I have built a simple robotic arm using 3 RC Servos and an Arduino.
I just want to play around with it and learn something about robotics.
Currently, I am trying to compute the position of the tip of the robotic arm using the three angular positions of the servos.
"Forward kinematics" I think is the technical term for this.
Btw the tip of the arm is a pen, I thought I might try to draw something with it later on.
In the movement range of the arm I set up a Cartesian coordinate system and recorded 24 (angle => position) samples.
pastebin.com/ESqWzJJB
Now, I am trying to model this data, but I am a bit out of my depth here.
Here is my approach so far:
I use the Denavit–Hartenberg equations found on Wikipedia en.wikipedia.org/wiki/Denavit–Hartenberg_parameters.
I then try to determine the parameters using least squares optimization.
minimize(sum(norm(f(x,P)-y)^2))
I also added linear terms to the input and output of the model to compensate for possible distortions (e.g. phase-shift in the servo angle):
y = f(ax+b)*c+d
My Python code: pastebin.com/gQF72mQn
from numpy import *
from scipy.optimize import minimize
# Denavit-Hartenberg Matrix as found on Wikipedia "Denavit-Hartenberg parameters"
def DenHarMat(theta, alpha, a, d):
cos_theta = cos(theta)
sin_theta = sin(theta)
cos_alpha = cos(alpha)
sin_alpha = sin(alpha)
return array([
[cos_theta, -sin_theta*cos_alpha, sin_theta*sin_alpha, a*cos_theta],
[sin_theta, cos_theta*cos_alpha, -cos_theta*sin_alpha, a*sin_theta],
[0, sin_alpha, cos_alpha, d],
[0, 0, 0, 1],
])
def model_function(parameters, x):
# split parameter vector
scale_input, parameters = split(parameters,[3])
translate_input, parameters = split(parameters,[3])
scale_output, parameters = split(parameters,[3])
translate_output, parameters = split(parameters,[3])
p_T1, parameters = split(parameters,[3])
p_T2, parameters = split(parameters,[3])
p_T3, parameters = split(parameters,[3])
# compute linear input distortions
theta = x * scale_input + translate_input
# load Denavit-Hartenberg Matricies
T1 = DenHarMat(theta[0], p_T1[0], p_T1[1], p_T1[2])
T2 = DenHarMat(theta[1], p_T2[0], p_T2[1], p_T2[2])
T3 = DenHarMat(theta[2], p_T3[0], p_T3[1], p_T3[2])

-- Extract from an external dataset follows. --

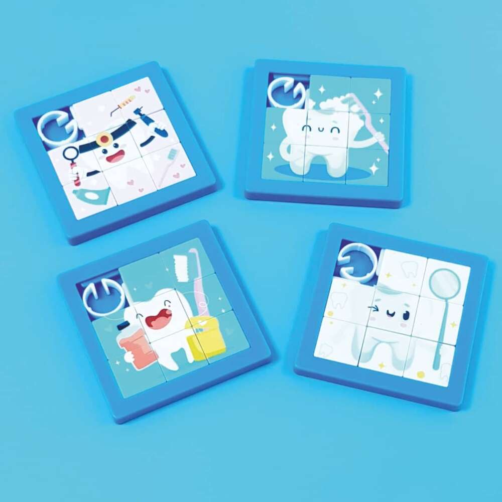 Spannendes Geduldspiel mit fröhlichen Zahnmotiven. Die kleinen Schiebepuzzles fördern Konzentration und Fingerfertigkeit. Sortiert. Bringen Sie Spaß und Wissen unter einen Hut! Bestellen Sie noch heute Ihre 24 Schiebepuzzle mit Zahnmotiv und machen Sie Kindern und Erwachsenen gleichermaßen eine Freude. Spielerisch zu gesunden Zähnen! Größe ca. 5,2 cm
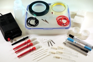 Here’s the perfect kit for replating solder-contaminated or damaged gold edge contacts. The kit includes a DC power supply and all the tools, materials, and plating solutions needed for gold-edge contact plating.

# compute joint transformations
# y = T1 * T2 * T3 * [0 0 0 1]
y = dot(T1,dot(T2,dot(T3,array([0,0,0,1]))))
# compute linear output distortions
return y[0:3] * scale_output + translate_output
# least squares cost function
def cost_function(parameters, X, Y):
return sum(sum(square(model_function(parameters, X[i]) - Y[i])) for i in range(X.shape[0])) / X.shape[0]

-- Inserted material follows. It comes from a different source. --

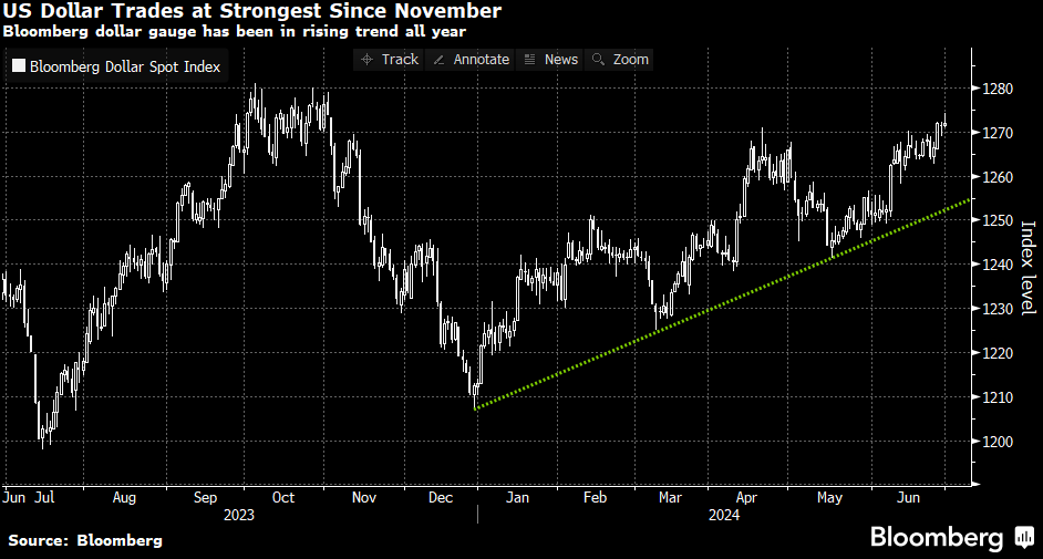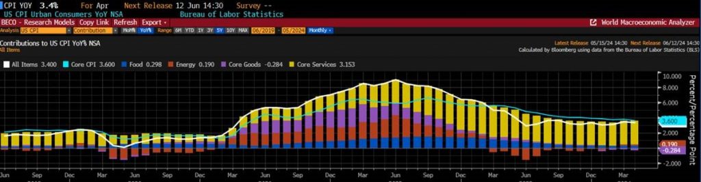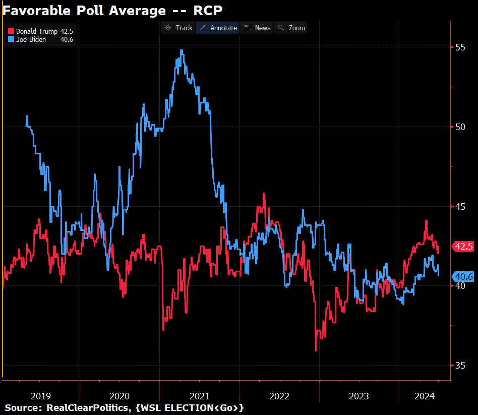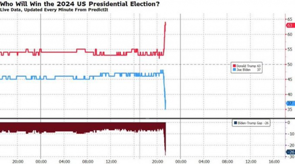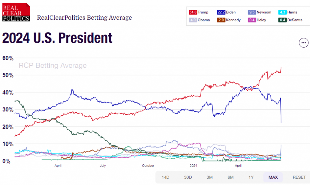 Estas semanas están protagonizadas por los eventos políticos, anoche debate presidencial americano, este fin de semana primera vuelta de las elecciones francesas, la semana que viene elecciones en Inglaterra… Anoche en Estados Unidos fue el debate televisivo organizado por la CNN entre Biden y Trump, en el que se observó un candidato demócrata débil y en numerosas ocasiones perdido. De hecho, según el Financial Times, los demócratas piden al presidente que detenga su candidatura a la reelección. Por su parte, Trump se mostró agresivo acusando a China de «matarnos como país» y diciendo que los términos de Putin para poner fin a la guerra de Ucrania no son aceptables. Según una encuesta elaborada por la CNN, el 67% de los encuestados considera que Trump ganó el debate. La intención de voto a Biden se ha desplomado, y las probabilidades que dan las casas de análisis a que gane un segundo mandato han caído del 48% al 37%. (https://www.realclearpolling.com/betting-odds/2024/president).

# ========== main script start ===========
# load data
data = genfromtxt('data.txt', delimiter=',', dtype='float32')
X = data[:,0:3]
Y = data[:,3:6]
cost = 9999999
#try:
# parameters = genfromtxt('parameters.txt', delimiter=',', dtype='float32')
# cost = cost_function(parameters, X, Y)
#except IOError:
# pass
# random init
for i in range(100):
tmpParams = (random.rand(7*3)*2-1)*8
tmpCost = cost_function(tmpParams, X, Y)
if tmpCost < cost:
cost = tmpCost
parameters = tmpParams
print('Random Cost: ' + str(cost))
savetxt('parameters.txt', parameters, delimiter=',')
# optimization
continueOptimization = True
while continueOptimization:
res = minimize(cost_function, parameters, args=(X,Y), method='nelder-mead', options={'maxiter':100,'xtol': 1e-5})
parameters = res.x
print(res.fun)
savetxt('parameters.txt', parameters, delimiter=',')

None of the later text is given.